Diese Mitarbeiterinnen und Mitarbeiter müssen wir um jeden Preis motiviert halten. Wir müssen sie von sinnbefreiten Tätigkeiten, übermäßigen Dokumentationspflichten und unnötigen Lasten, die sie tragen müssen, befreien. Wir sollten sie so befähigen, dass so zu tun, was sie am besten können: Intensivmedizin. Patientenversorgung. Notfallversorgung.

Sie werden uns sagen, was sie brauchen, um ordentlich zu arbeiten. Wir sollten auf sie hören und sie machen lassen. Diese Menschen haben die Pandemie gewuppt in den Krankenhäusern.

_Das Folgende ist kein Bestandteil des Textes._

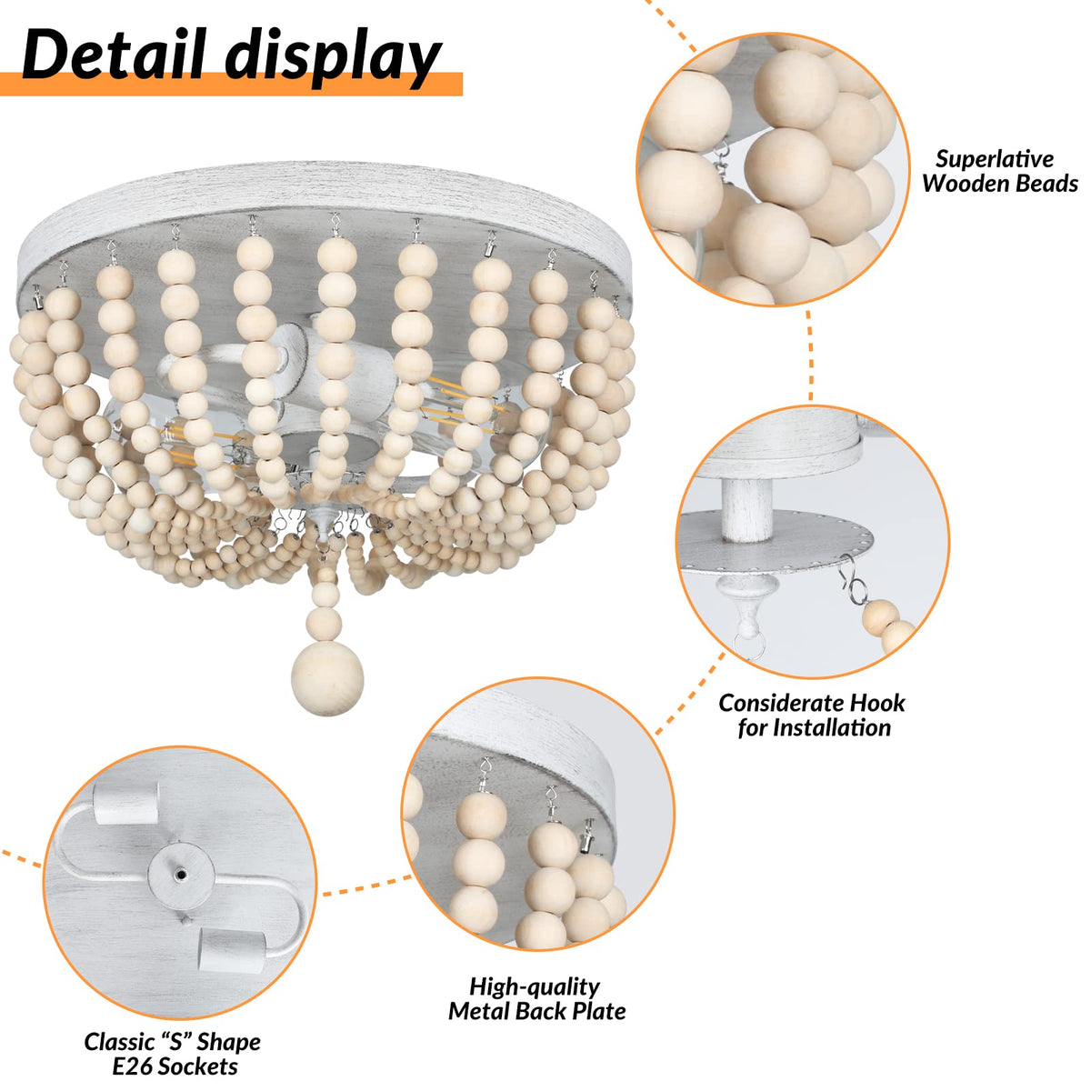 Bohemian Style & Eye-Catching Design: The unique 2-light boho chandelier features solid wood beads that add an exotic flair to your decor. When illuminated, it creates a romantic ambiance that soothes your senses and impresses your guests.

Sie haben gezeigt, dass sie es können. Es geht aber immer besser. Dafür braucht es bessere Bedingungen.

Wir haben so vieles erreicht und gelernt in der Zeit. Wir haben Abläufe verändert und Neues geschaffen. Wir brauchen nun die, die bereit sind, die Ärmel hochzukrempeln und den Laden in Schwung zu bringen.

Freue mich über jeden, der nun bereit ist, es gemeinsam besser zu machen. Es ist ein toller Beruf. Packen wir es an.